**Study material**
====
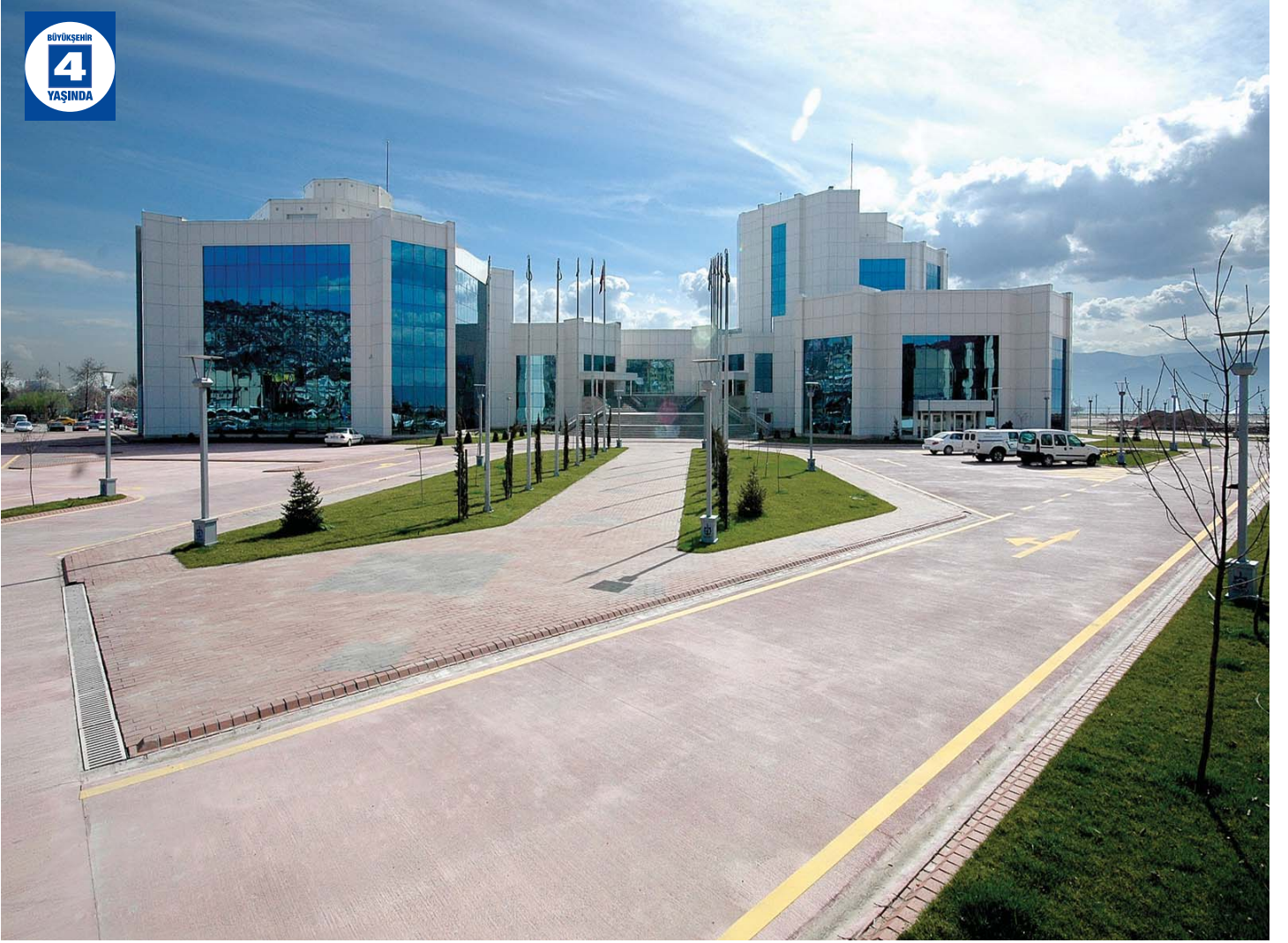
Kocaeli Büyükşehir Belediyesi Hizmet Binası
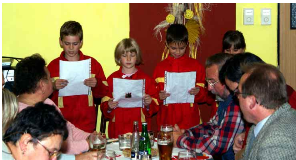
Z vystoupení mladých hasičů na slavnostní valné hromadě k 115. výročí založení Sboru dobrovolných hasičů v Dobré.
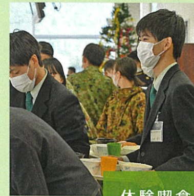
③ 11:40~ 体験喫食
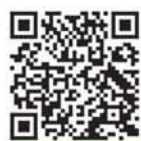
はたらくあさひかわ QRコード
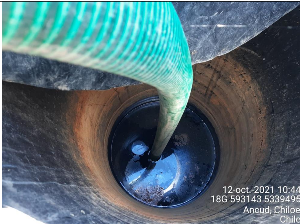
Fotografía N°3: Retiro de Lixiviados desde cámara C10 por Personal Municipal. Tomada: Martes 12 de Octubre del 2021.
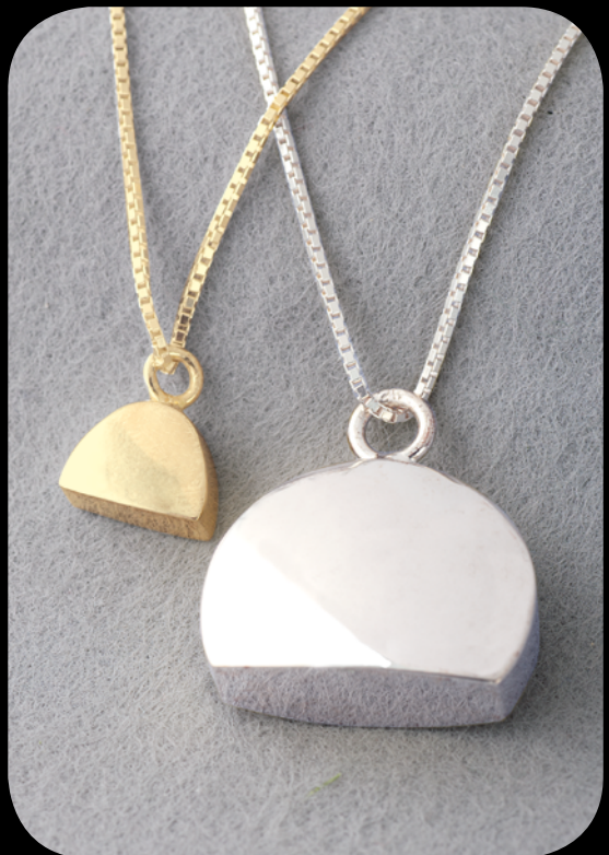
Silber klein: 31001 HS · vergoldet klein: 31002 HS Silber groß: 30001 HS · vergoldet groß: 30002 HS 14 Karat Feingold (585) klein: 31003 HS
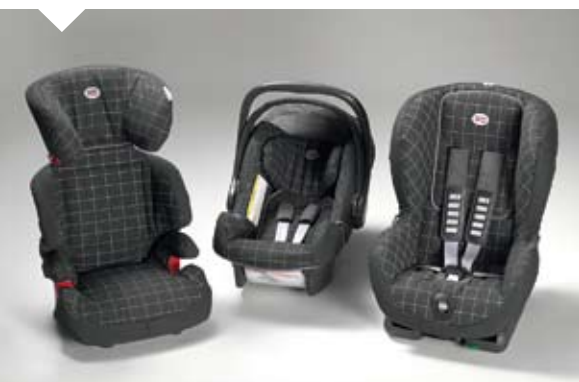
Kindersitze RÖMER BABY SAFE plus Gruppe 0+ ( 0-13kg ) Artikel-Nr. 71400-87315-100 RÖMER DUO PLUS mit Isofix-Befestigung, Gruppe I ( 9-18 kg ) Artikel-Nr. 71400-87316-100 RÖMER KID Gruppe II - III (15-36 kg) Artikel-Nr. 71400-87317-100
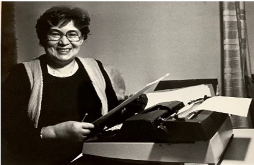
KUVA 7. Kirjailija Anja Tikkanen
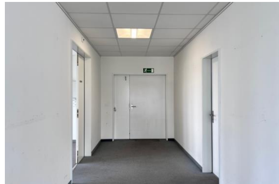
Eingangsbereich mit Toilette
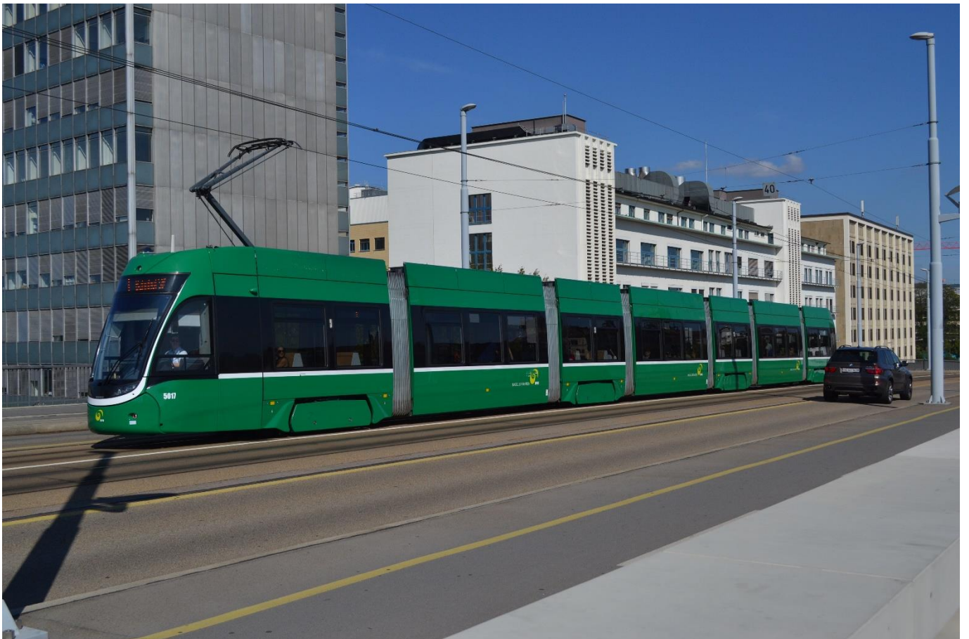
BVB „Bombardier Flexity“ (7-teilig)
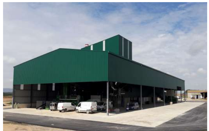
Ejecución de nueva planta deshidratadora 3.000 m 2 de nave y urbanización exterior en Almuniente (Huesca)
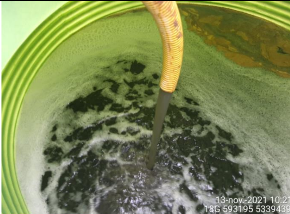
Fotografía N°12: Retiro de Lixiviados a estanque de acumulación. Tomada: Sábado 13 de Noviembre del 2021.

Respecto a los retiros de lixiviados se mencionan en la siguiente tabla el cronograma y Cantidad de lixiviados retirados por jornada correspondiente del 08 al 14 de Noviembre del 2021.
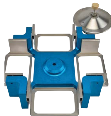
Комплект ротора PRO-10 Savant
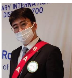
本日の司会進行 & ニコニコ BOX 紹介 副 SAA 三箇会員
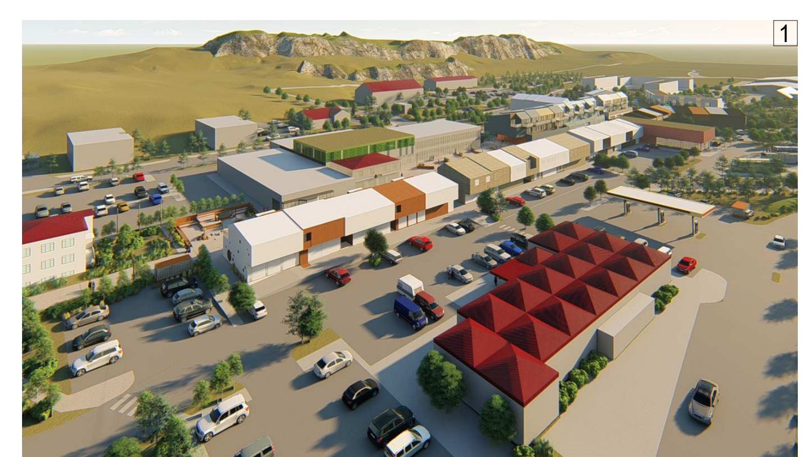
Yfirbragð byggðar horft í átt að Hömrum
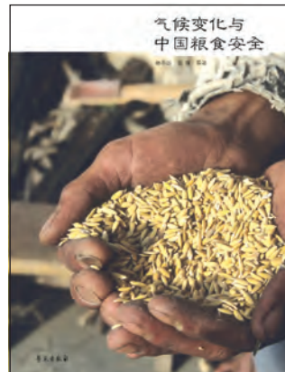
2008年10月15日，绿色和平发布《气候变化与中国粮食安全》的研究报告。

绿色和平的实地调查同样显示：在虫害、雪灾、旱灾等自然灾害面前，稻鸭工作、多样性种植、保护性耕作等生态农业模式具有更强的应对能力。
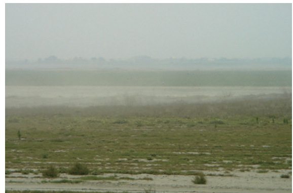
▲揚塵好發期間，塵土飛揚。

在農耕施作過程較缺乏有效管理，且耕作過程並未進行抑制揚塵相關措施，尤其在翻土後長時間未進行覆草等抑制揚塵措施，又河床上翻土期間恰好是東北季風盛行季節，造成大量揚塵，上述氣候變遷及人為等種種因素，使得每年 10 月至翌年 4 月為濁水溪河川揚塵好發時期，特別是位在雲林縣二崙鄉自強大橋以西經西濱大橋至河川出海口區域易發生河川揚塵，嚴重影響濁水溪南岸之雲林縣西螺鎮、二崙鄉、崙背鄉及麥寮鄉等河川沿岸鄉鎮，也造成濁水溪鄰近河川地區居民生活上、健康上的不便與影響，有鑑於濁水溪揚塵問題日趨嚴重，政府各單位也刻不容緩進行各項揚塵改善措施，期使河川揚塵危害降低，民眾生活品質得以改善。
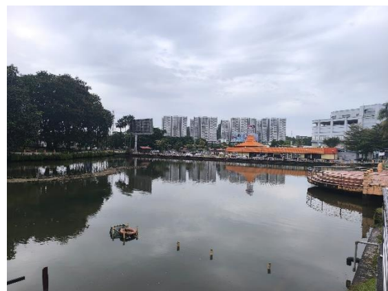
Rajah 05 : Kawasan badan air / tasik yang ada di dalam keadaan tapak cadangan
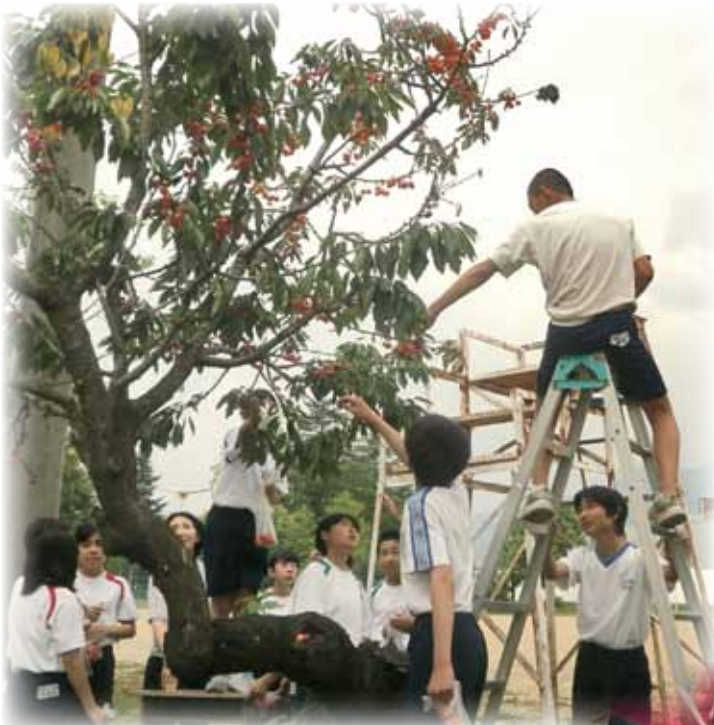
さくらんぼを収穫し、三郷のデイサービスの方に届けました。
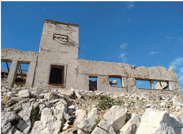
Građevina na Golom otoku 2018.

Činjenica jest da su neki od logoraša na Golom otoku bili vatreni pristaše Staljina što komplicira situaciju s priznavanjem statusa žrtve i onim zatvorenicima koji su na Golom otoku završili samo zato što ih je netko zlonamjerno prokazao kao navodne pristaše Rezolucije Informbiroa. Političke elite komunističke Jugoslavije nastojale su prikriti, odnosno opravdati političku represiju nad oponentima što djelomično objašnjava ambivalentan odnos prema Golom otoku u socijalističkoj Jugoslaviji. Šutnja, proizvoljna konstrukcija opravdanja i blaćenje političkih protivnika legitimacijske su strategije u svakoj diktaturi.
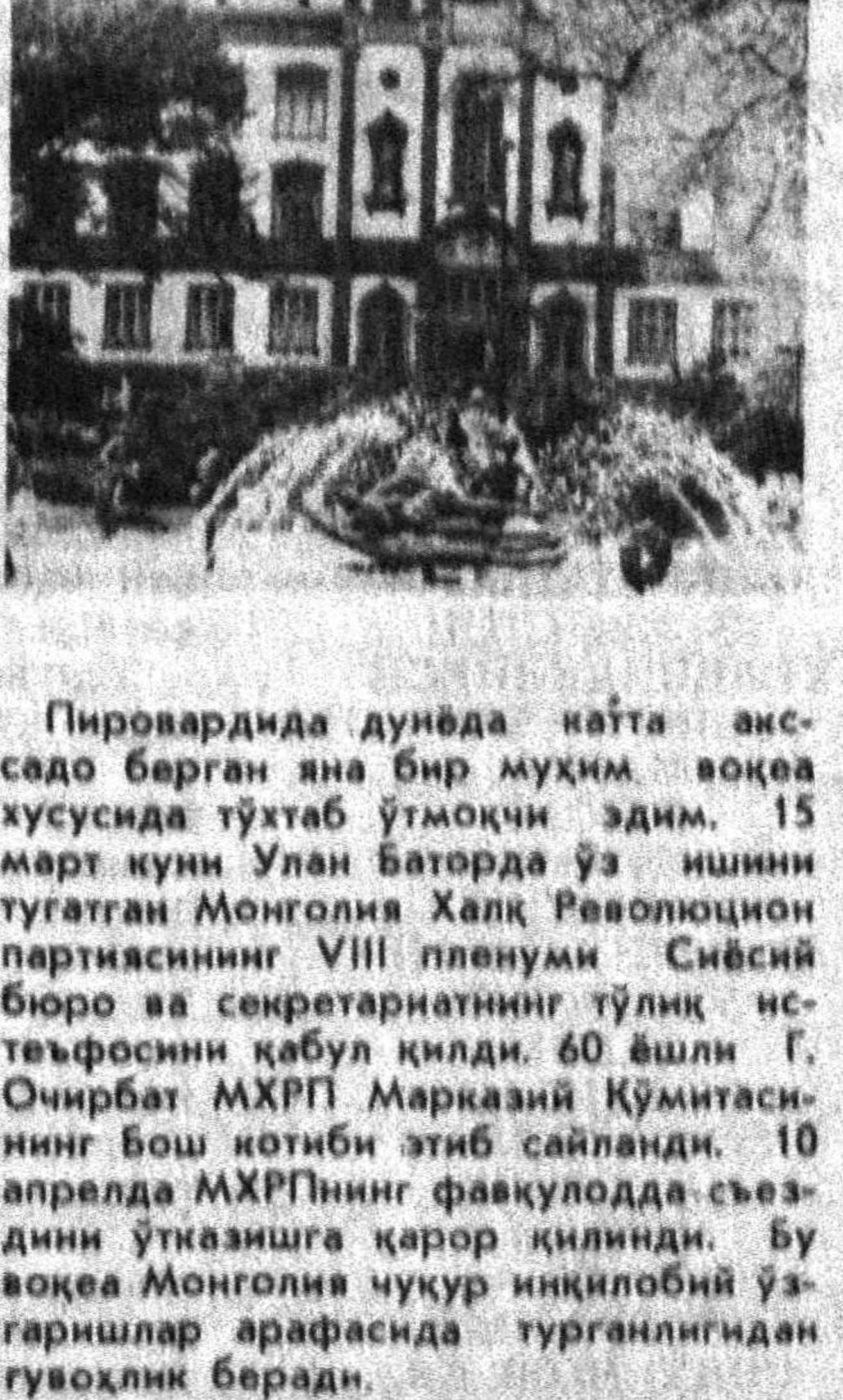
СУРАТДА: дорилфунунининг бosh корпуси.

бошқа министрлар ҳам истеъфога чиқандиларини маълум қилдилар. Энди Исроилда тузилмадан янги ҳукумат — ҳоҳ у турли партиязла-рининг қайта келишувидан, ҳоҳ парла-ментга янги сайловлар ўтказишдан вужудга келсин, Фаластин муаммо-си қўндаланг бўлиб тураверди. Фа-ластинлик арабларнинг қонуний ҳу-қуқларини тан олмади туриб, Фалас-тин Озоқлик Ташкилоти вакиллари билан бақамти мунозаралар олиб бормай туриб Яқин Шарқ муаммоси-ни ҳал этиш бўлмайди. Бу муаммо мажмур минтақада барқарор тиқчи-лини таъминлаш йўлидаги асосий го-вдир. Исроил ҳукмрон доираларида янги фикрлашнинг пайдо бўлгани ўзгаришлар шамолнинг у ерга ҳам етиб берганидан дарак бермоқда. Демак Яқин Шарқдаги ҳурурлик ва беқарорликнинг барҳам толишига умид қилишга ҳақимиз.
====
**Work item**
After reading through the records, count the lines that hold the string "Noviembre" and give only the count.

**Result of this exercise**
2